▶ [TASK INSTRUCTIONS] Records follow. Print exactly the lines from the one that has "2. 彩虹號雙體船(Rainbow Catamaran)——早鳥團" through the one that has "Kitchen microwave shelf", inclusive, and omit the pictures.

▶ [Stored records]
╭──

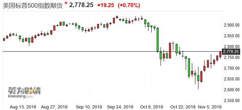 受美国中期选举影响,7日美国股指期货全线上涨,标普500指数期货上涨0.71%至2778.7点;道琼斯30指数期货大涨146点至25787点;纳斯达克100指数期货上涨1.1%至7093.5点 。
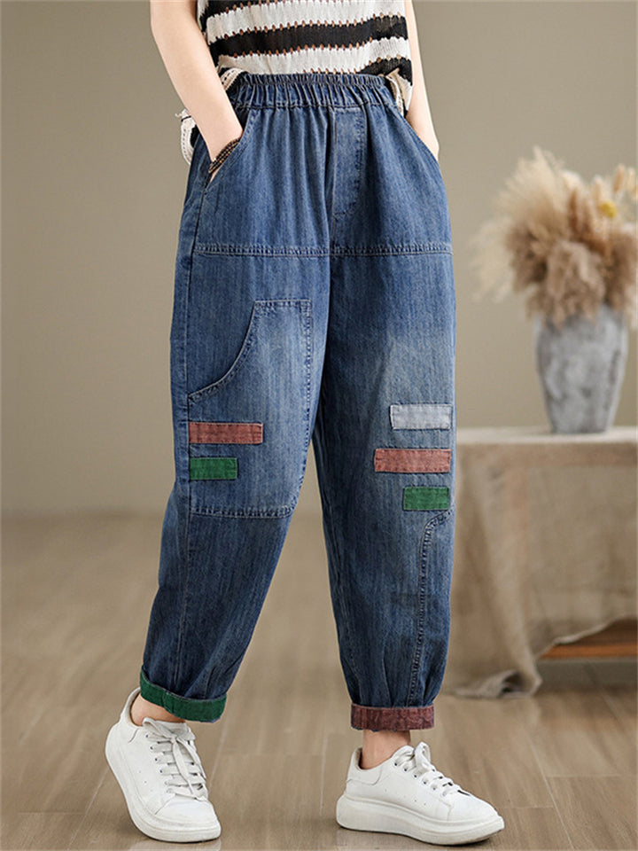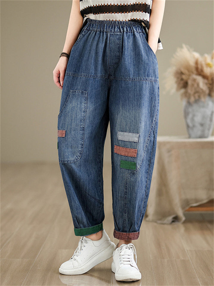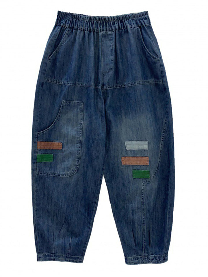 Contrast Color Patch Design Light Blue Harem Jeans for Women
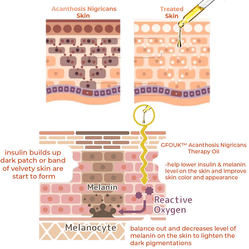 GFOUK™ Acanthosis Nigricans Therapy Oil effectively addresses the primary reason of increased melanin that leads to deepening skin pigmentation by speeding up the clearance of insulin from the blood. The oil stimulates to release glucose that has been held there, which can assist to quickly flush insulin from the circulation.
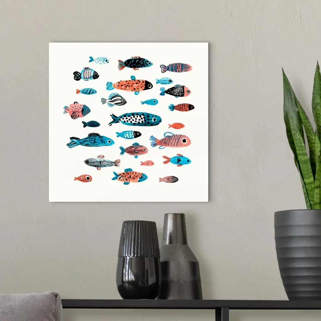 Fish School I wall art for home and office decor. Discover canvas art prints, photos, mural, big canvas art and framed wall art in GreatBigCanvas.com's varied collections.
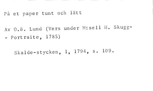 På et paper tunt och lätt //// Av O.B. Lund (Vers under M:sell H. Skugg- Portraite, 1785) //// Skalde-stycken, 1, 1794, s. 109.
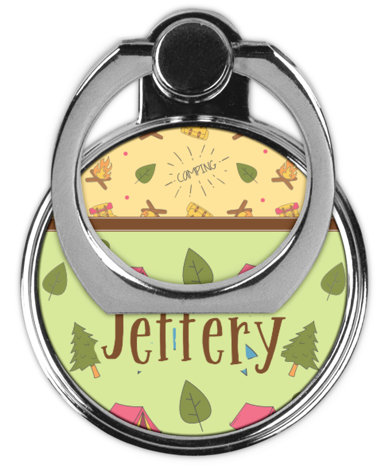 Your name or text fits on the space underneath the brown ribbon, on top of the green pattern. Both patterns have fun graphics that say the word "camping." Easily change the text to a saying or your own name. Take a peek at our camping graphics as well!
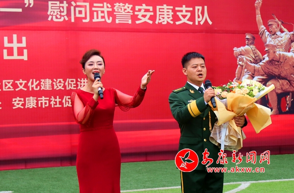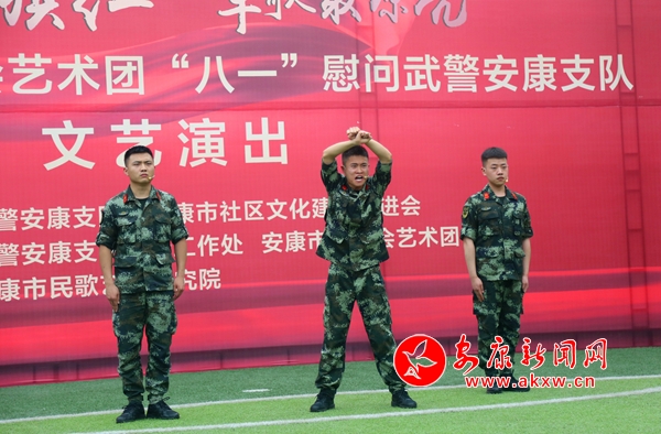 本網(wǎng)訊(通訊員 趙坤)“一聲聲問(wèn)候,傳遞著樸素和真摯的情感。一句句話(huà)語(yǔ),表達(dá)著淳樸而真實(shí)的祝福。今天我們相聚在這里,一起用心來(lái)感受真情,用愛(ài)來(lái)澆灌軍民魚(yú)水深情……”話(huà)音剛落,臺(tái)下響起了雷鳴般的掌聲。8月1日上午,安康市社區(qū)文化建設(shè)促進(jìn)會(huì)代表及演職人員一行,走進(jìn)武警安康支隊(duì),為全體官兵獻(xiàn)上了一場(chǎng)美輪美奐的視聽(tīng)盛宴。
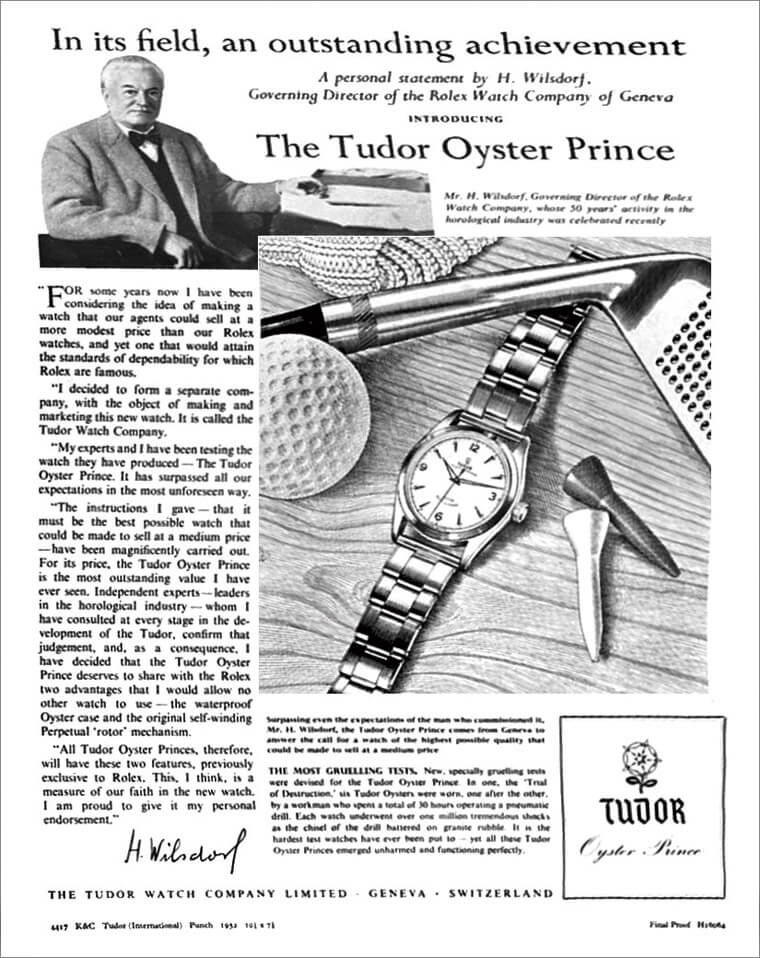 ▲圖為TUDOR創立初期在報刊雜誌上刊登的廣告,上頭可見勞力士創辦人、也是一手催生帝舵的Hans Wilsdorf身影。
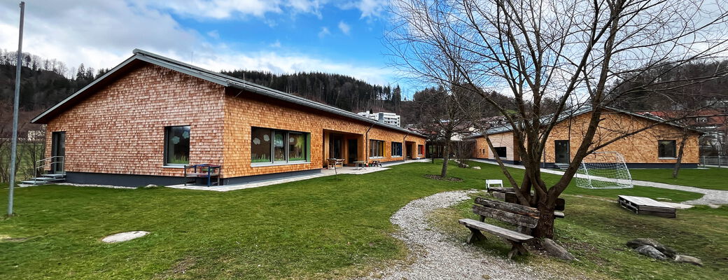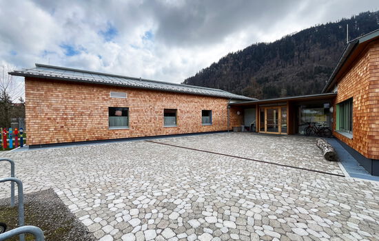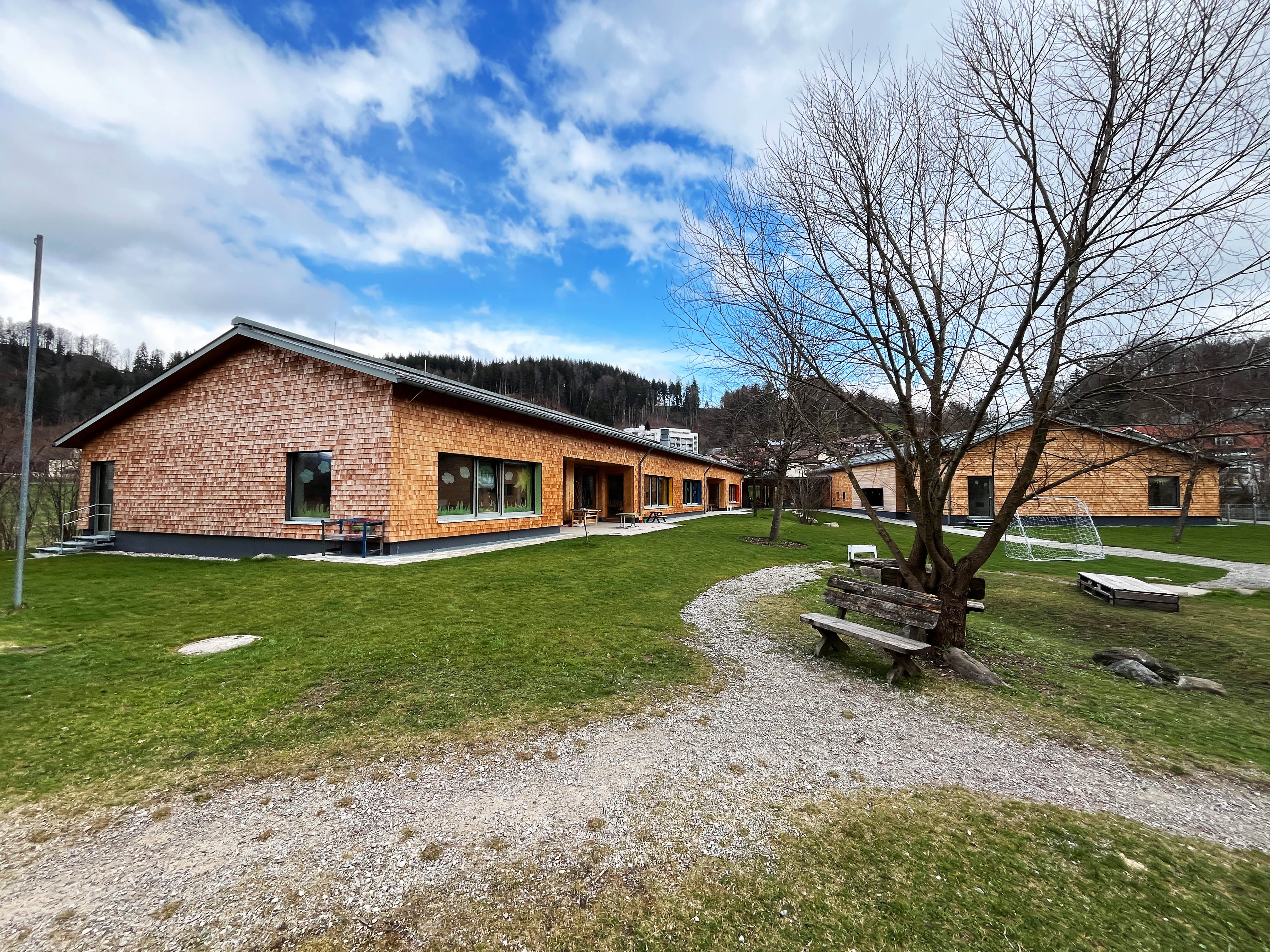 Der Holzbau des Kindergartens und der Kindertagesstätte St. Nikolaus in Immenstadt wies im Sockelbereich, sowie in der Fassade des bestehenden Gebäudes Feuchteschäden auf. Die beschädigten Schwellhölzer der Holzständerkonstruktion wurden im Pilgerschritt erneuert, das Gelände um den Kindergarten im Sockelbereich abgesenkt und eine neue Sockelabdichtung aufgebracht. Anschließend wurde die Fassade des Gebäudes mit einer langlebigen Holzfassade aus naturbelassenen Lärchenschindeln versehen. Die Umsetzung des Vorhabens wurde durch uns in drei Bauabschnitte gegliedert und durch die hervorragende Zusammenarbeit zwischen Handwerkern, Bauleitung und Nutzern konnte die gesamte Sanierung während des laufenden Betriebs durchgeführt werden.
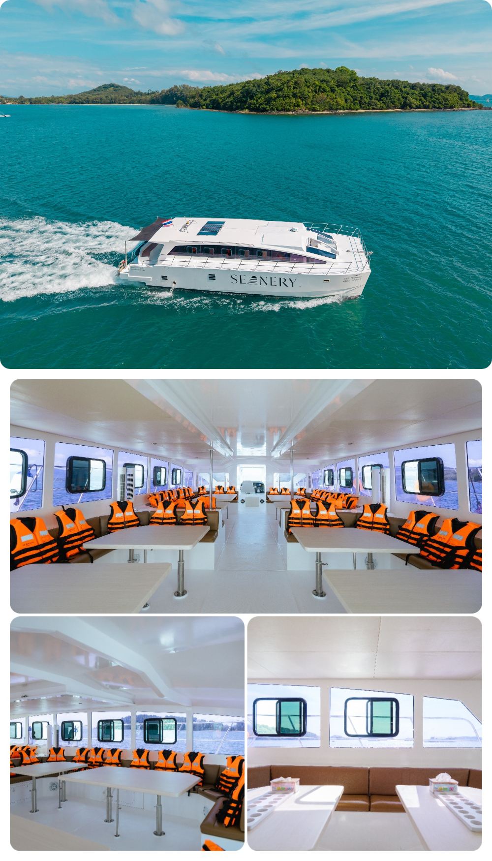 ▲ 2. 彩虹號雙體船(Rainbow Catamaran)——早鳥團 007島 + 洞穴探險 + 皮划艇 + 蛋島浮潛 ●7:00左右到您下榻的酒店接您前往LEAM NGA私家碼頭,享用簡單的早餐 ●9:00左右乘坐海星號前往攀牙灣國家公園
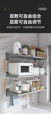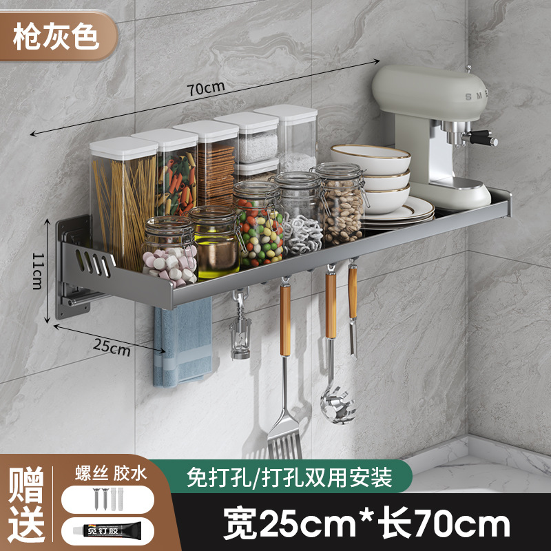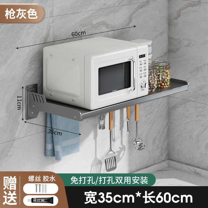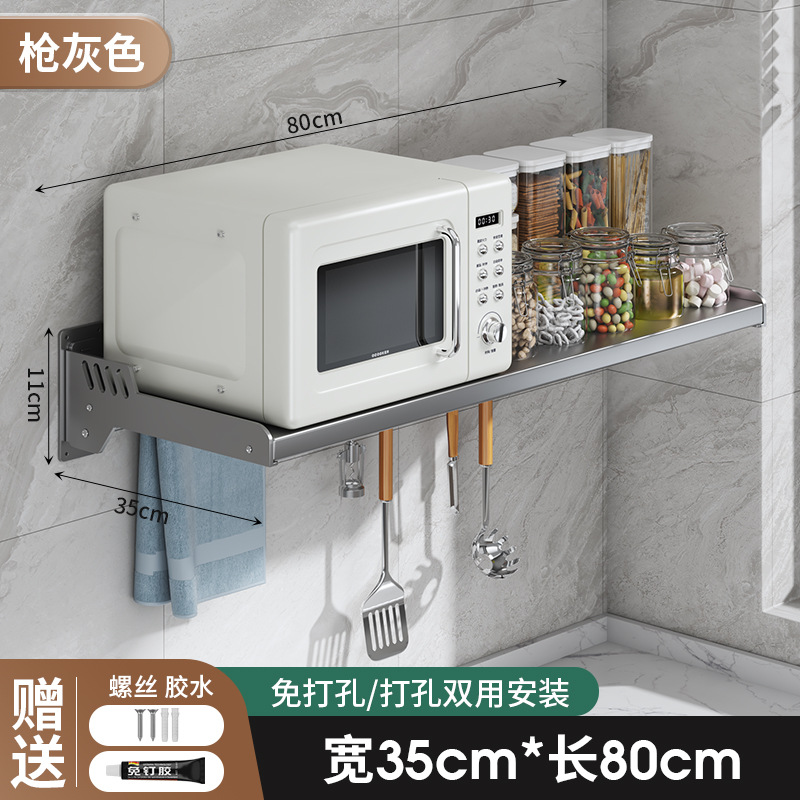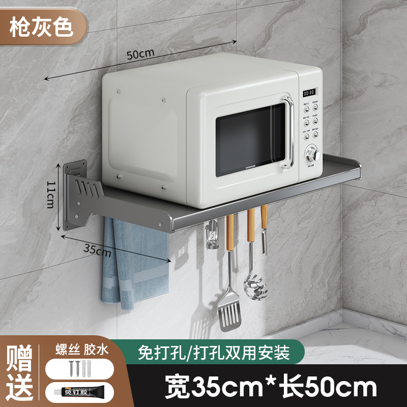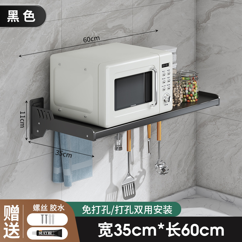 Kitchen microwave shelf without drilling, wall-mounted oven rack, household wall-mounted storage rack holder
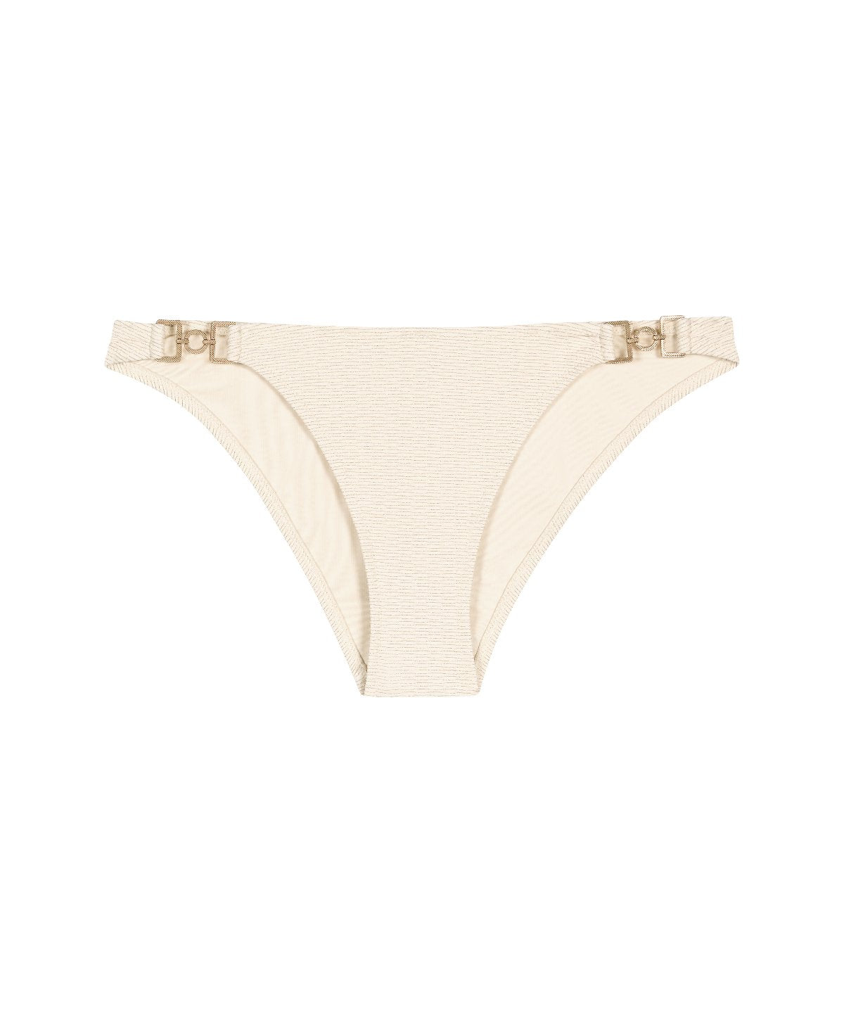 Sexy, le bas de maillot de bain mini-cœur Shimmering Waters offre une forme culotte confortable, étroite sur les côtés et légèrement échancrée dans le dos. Élégante, elle se pare de touches dorées sur les hanches, en écho au fil lurex qui magnifie la matière, pour une silhouette tout en sensualité.

╰──

▶ [EXERCISE OUTPUT]
 ▲ 2. 彩虹號雙體船(Rainbow Catamaran)——早鳥團 007島 + 洞穴探險 + 皮划艇 + 蛋島浮潛 ●7:00左右到您下榻的酒店接您前往LEAM NGA私家碼頭,享用簡單的早餐 ●9:00左右乘坐海星號前往攀牙灣國家公園
 Kitchen microwave shelf without drilling, wall-mounted oven rack, household wall-mounted storage rack holder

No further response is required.